Mrs. Ly had carefully prepared questions on 2 pages to learn more from the Autism Spectrum Disorder Specialist on her precious son Minh’s situation. He then pointed out the struggles that her son was likely to encounter in daily life and suggested a strategic approach to help him cope with them.
“I burst into tears when I was given professional advice from the expert because I knew it could help to improve my son’s life”. Those were the thoughts of Mrs. Ly, a mother of a child with autism who attended the “Early intervention for children with autism” conference on July 18th with the assistance of an Autism Spectrum Disorder Specialist from UK. This meant that she and her son were finally able to overcome one of Minh’s biggest fears to achieve a seemingly minimal task to other children: getting a haircut.

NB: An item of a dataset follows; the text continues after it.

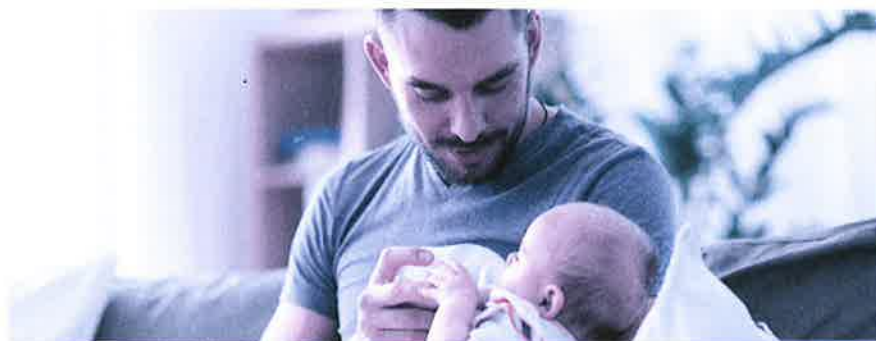
Vaterschaftsurlaub: innert sechs Monaten nach der Geburt zu beziehen.

Das Unternehmen muss dem Vater zehn arbeitsfreie Tage gewähren und hat für diese Zeit Anspruch auf 14 Taggelder. Es ist Sache des Arbeitgebers, bei der Ausgleichskasse – welche auch die EO-Beiträge abrechnet – den Antrag auf die Vaterschaftsentschädigung zu stellen. Der Antrag sollte aber erst gestellt werden, wenn der Arbeitnehmer den ganzen Vaterschaftsurlaub bezogen hat und der Arbeitgeber dies mit dem Antrag bestätigen kann. Die Auszahlung der Vaterschaftsentschädigung erfolgt dann nachgelagert

(Minh is learning English)
Minh is 5 years old. He was diagnosed with Autism Spectrum Disorder when he was 4. To him, small tasks such as getting a haircut or brushing teeth were challenging. Minh was so afraid of getting his hair cut that a brief glimpse of the barber would cause him to cry and panic. He was uncooperative and often screamed and ran away, “messing up the whole shop,” as his mother described it. Luckily, the barber was very understanding to his situation and was always patient and encouraging, though it often took him the whole hour to get Minh’s hair done.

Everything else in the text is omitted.